Anne à la barre par Othilie Pournain
Anne à la barre par Othilie Pournain © Esba TALM - Angers

Ils sont nombreux, très nombreux à défiler devant la cour d’assises.

Des médecins. Anesthésistes-réanimateus, urgentistes, spécialistes des soins palliatifs, cancérologue, chercheurs. Ils ne partagent pas vraiment la même vie. Mais ils partagent au moins une chose, outre leur serment : leur désarroi face à la fin de vie. Que faire ? Quelles sont les bonnes pratiques? Et surtout, que prévoit la loi?

Entre les murs de la cour d’assises du Maine-et-Loire, on a entendu autant de réponses que de médecins venus témoigner à la barre.

Il y a Thierry qui explique mettre en place régulièrement des sédations avant d’en informer les familles : “on a tous envie que le médecin s’occupe en priorité de nous et pas de notre famille.” Thierry, “chrétien”, qui s’inquiète de la loi sur la sédation profonde et continue qui vient d’être adoptée à l’Assemblée. Pour lui, c’est une euthanasie qui ne dit pas son nom : “j’espère qu’il y aura une clause de conscience parce que moi, je ne la ferai pas”. Thierry qui confie : “après l’affaire, je me suis retrouvé pendant 40 minutes à essayer de réanimer un patient qui était déjà mort parce que je ne savais plus quoi faire, où était la loi.”

Thierry à la barre par Thomas Mélandre
Thierry à la barre par Thomas Mélandre © Esba TALM - Angers

Il y a Vincent pour qui “l’acte de sédation, qui va arrêter la vie relationnelle, ne peut pas être pris seul”. Régis pour qui “décider seul serait arbitraire”. Il y a Anne, ancienne urgentiste aujourd’hui en soins palliatifs : “en général, je fais intervenir l’infirmière.

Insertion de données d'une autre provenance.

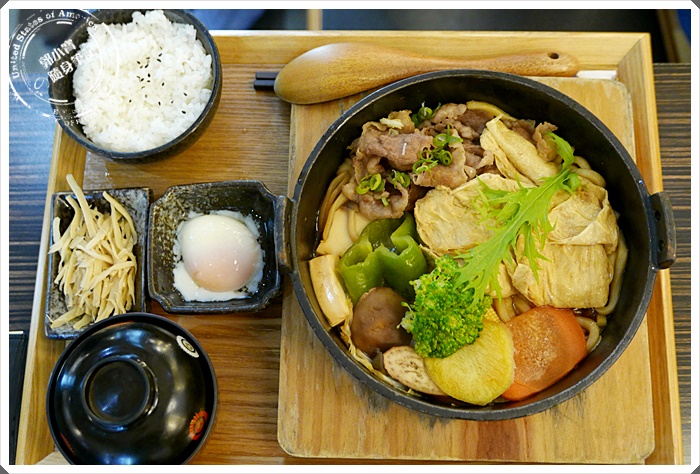 | 今天有兩位朋友都同時點了牛肉壽喜鍋,看來男生吃肉的慾望還是不減阿,大中午的依然堅持要吃鍋,一樣也有配上白飯還有小菜以及湯品,還多了一顆溫泉蛋唷^^ |

Des fois, je la protège. Aux urgences, vous avez des infirmières qui tournent, qui ne sont pas formées.”

Il y a Thomas pour qui : “le curare est utile dans une fin de vie. De temps à autres, il est nécessaire de supprimer certains manifestations de souffrance.”

Il y a Jean qui a parfois “appuyé sur la seringue”.

Il y a Kamran, Dominique, Marie-Pierre qui confient, eux encore, leur volonté de faire au mieux et leur manière d’agir dans le souci de la loi.

Et puis, il y a Nicolas Bonnemaison. Qui, dans le box des accusés, attend le verdict de la cour d’assises.